The Central Power Station was situated on the south side of the road running along the river front roughly just east of the present Arsenal boundary. I had a fair bit to do with it; in the early thirties my father was one of the five station engineers who looked after it on shift work. When my father was on Sunday shift, I took him a hot dinner in a basket and spent the rest of the afternoon, till we both went home, investigating the building and its contents. Later, as an engineering apprentice, I spent a month, or so, as the station engineers assistant see Vol.1 No.5 of the Newsletter.  The building comprised, from north to south, the Electrical Shop  (headquarters for all electrical maintenance), the Pump House (supplying   hydraulic pressure around the manufacturing area), the Power Generating hall and, finally, the boiler house. Along the north wall of the electrical shop were two smaller shops, for magneto repairs and for accumulator repair and charging, the foreman's office and the stores. The magneto repair was for all the Arsenal vehicles and the accumulators were mainly for the Shelvoke & Drewery electric trucks (known as 'dillies'). The south side had the door into the pump house, an armature store and a rudimentary test area. The centre was taken up by benches, two lathes and a Drummond hand shaper.
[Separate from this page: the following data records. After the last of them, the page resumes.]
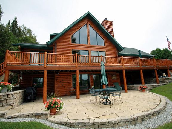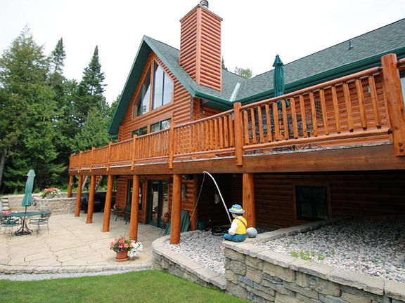The marvelous log home on 15 acres with over 200' of natural Black River frontage. From your deck you can watch the eagles at Eagle Tree or enjoy the tranquil setting from your river dock. The immaculately maintained log home offers 3 bedrooms, custom kitchen, large living room with fieldstone fireplace, dining area leading to a wrap-around deck, fully finished lower level with a great family room, office, and stone patio. The driveway leads to the river's edge providing easy access via your golf cart or atv. Also offers a 2 car garage and additional storage building.
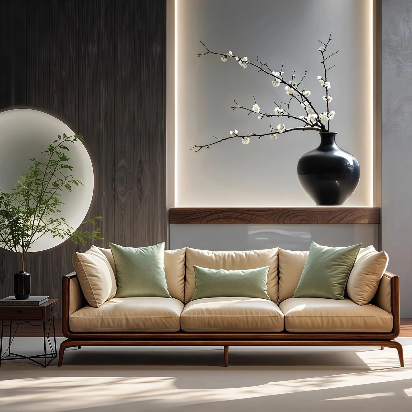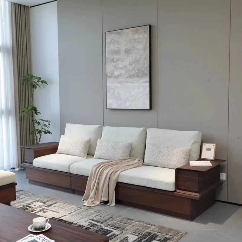 新中式現代ミニマリスト風ソファ - ウォールナット材使用、冬夏兼用!収納付きで小型リビングに最適なデザイン。快適な空間を演出し、スタイリッシュなインテリアを実現!
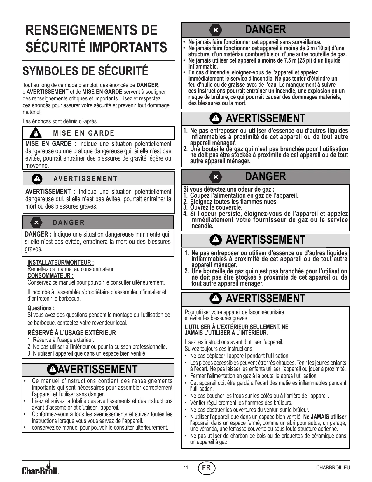 Char-Broil n'est pas responsable des pertes imprévues (c'est-à-dire les pertes ou les dommages que ni vous, ni Char-Broil, ni le vendeur n'avez envisagés au moment de l'achat) ou de tout dommage dont vous êtes la cause, à ceci près que la responsabilité de Char-Broil pour fraude, décès ou dommage corporel causés par sa négligence n'est pas limitée.
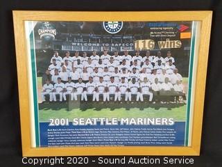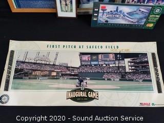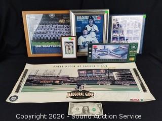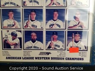 Lot Details: Includes 1995 American League Western Division Champions, Safeco Field "The Inaugural Game" poster and sign (poster has some holes), 2001 team photo, framed picture of Ken Griffey and Ken Griffey Jr. and Jay Buhner/Edgar Martinez framed magazine cover. Smallest is 6.25" x 4.25", largest us 28" x 12".
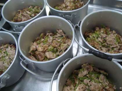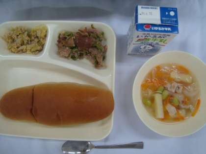 「豚肉のガーリック焼き、スープ、ツナとキャベツのソテー 黒糖パン 牛乳」

The pump house, from west to east, housed a triple expansion, scotch crank, Worthington-Simpson pump (very rusty and obviously not steamed since WW1), two - or was it three?- electrically driven, three throw, single acting, horizontal pumps, the door into the generating hall and a couple of electric centrifugal pumps for odd duties and supplying the boiler feed water softening plant. The latter was in a tower at the eastern end of the pump house and, at times, saw apprentices swimming in the clear cool water.
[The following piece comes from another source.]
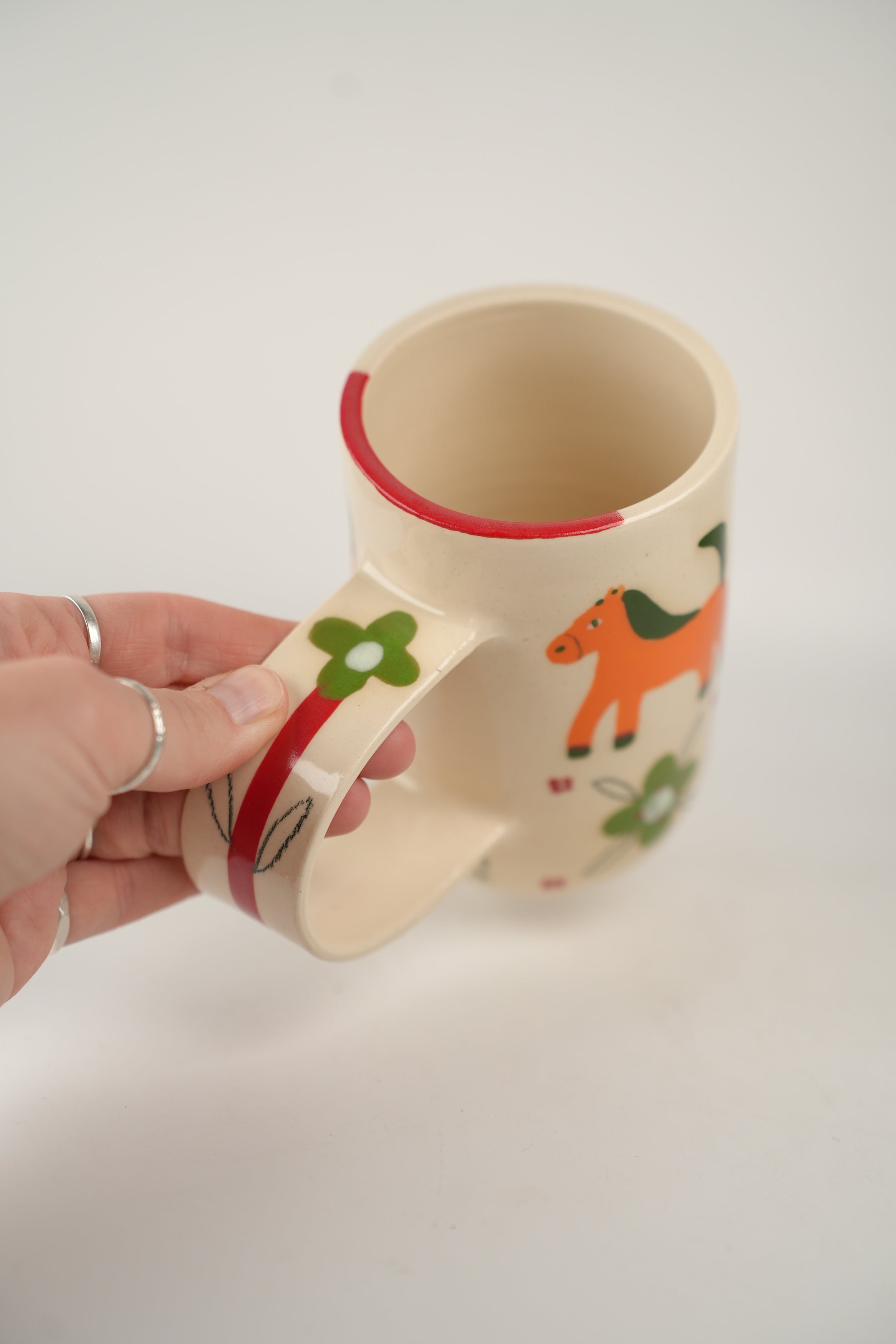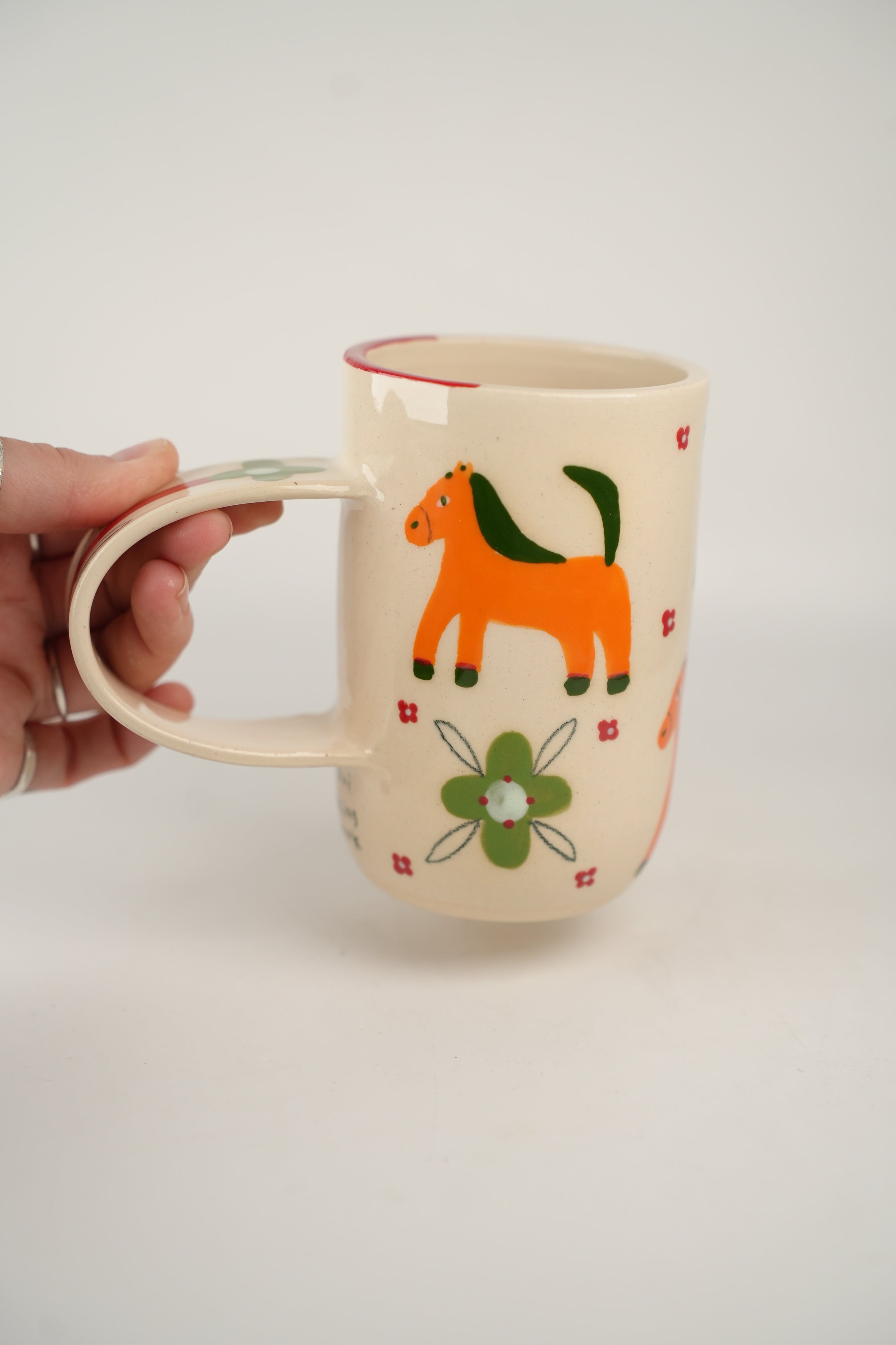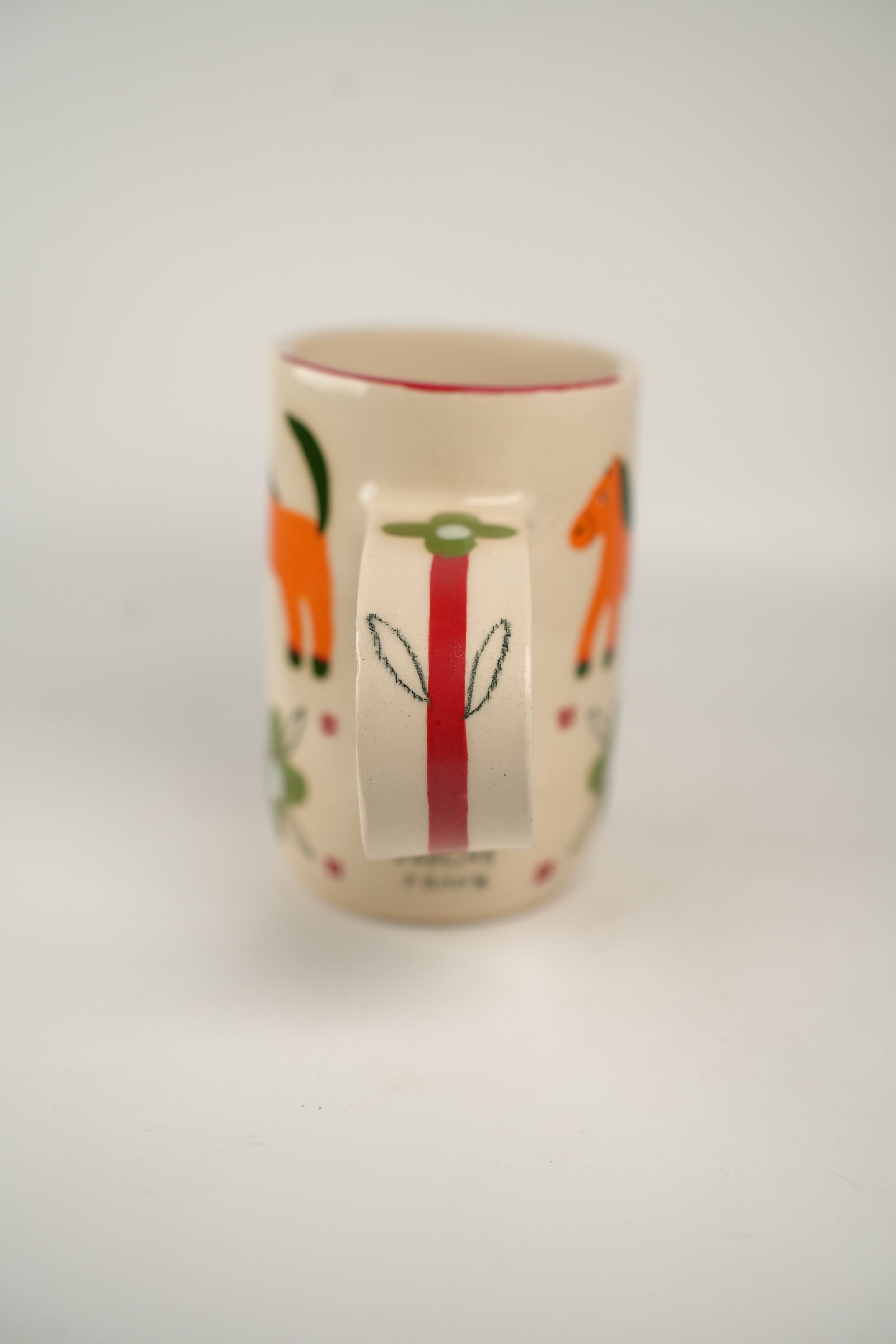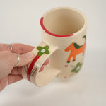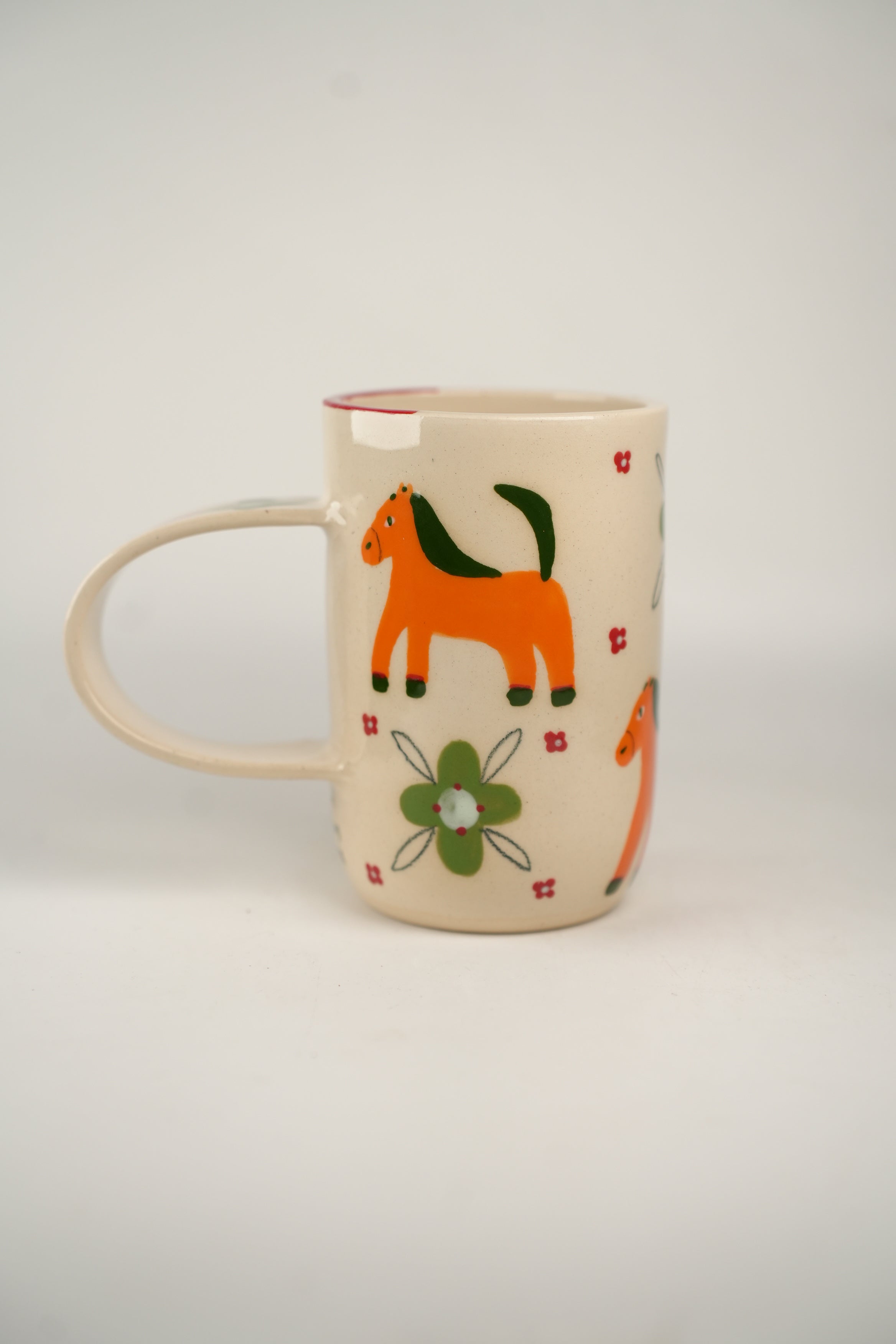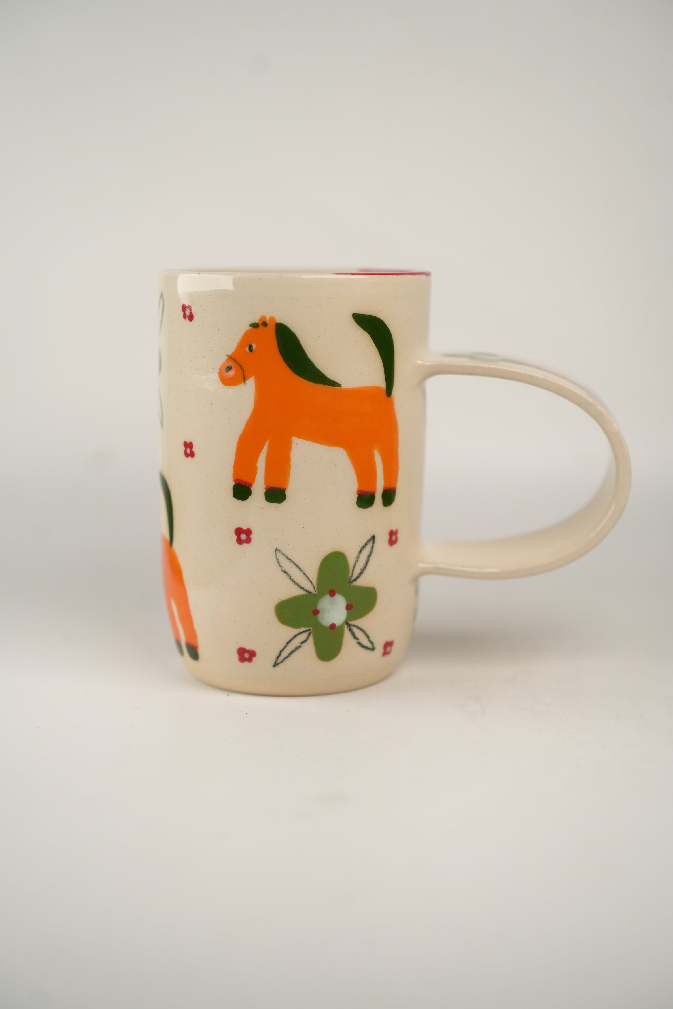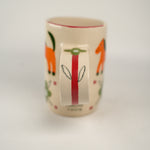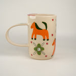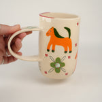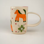 Horses and patterns oh my! Tall and slim shape with shiny cream base. Exaggerated and elongated circular handle. Handle has a single flower, with a looooong red stem and green bloom! Body of mug is checkerboard of adorable orange horses and green fleurs. Clusters for four red dots frame each “check.”

The generating hall, again from west to east, had a space where heavy electrical things were dumped on delivery, the 6,000 KVA Metropolitan-Vickers turbine generating set, two triple expansion, Corliss valve, 1,450 HP engines direct coupled to DC generators and a Vickers-Howden, triple expansion engine with piston valves for HP and IP and slide valve for the LP, also coupled to a DC generator.  The gantry crane serving these was the slowest ever seen, wonderful for erecting steam plant but irritating when one just wanted to move some delivered goods. To the north of the Vickers-Howden were two rotary converters, essential since the western part of the Arsenal was still DC powered while the eastern part, probably from the Plumstead gate, was AC. On a balcony, jutting from the south wall, was the black slate switchboard and, at the west end, the shift engineer's office.  Going through the door by the turbine, on the right were two Babcock & Willcox boilers and on the left were four John Thompson boilers, all with chain grate stoking. Above them were the hoppers containing the pea size coal, feeding by gravity to the chain grates. The ash from below the boilers was taken out in long narrow trucks on the 18 inch gauge railway - that narrow gauge railway had to stay operative all the time the CPS was in use, since there was only room for the narrow trucks under the boiler house. They were towed by standard gauge engines, which could back up to the outside of the boiler house.  Electrical transmission from the CPS, or, in shut down and peak times, from Warren Lane substation (connected to the power station between the Arsenal and the Ferry), was by 6,600 volt buried cables to the various substation which contained transformers and switch gear and, apart from sub 4, were unmanned. Sub 4 had a workshop and restroom attached, since it acted as an outstation of the Electrical Shop providing trouble-shooting service for the AC area that included the woodworking shops, stores and the explosives pier. 

If there are errors in this please let me know, after all I am trying to remember how it was nearly seventy years ago.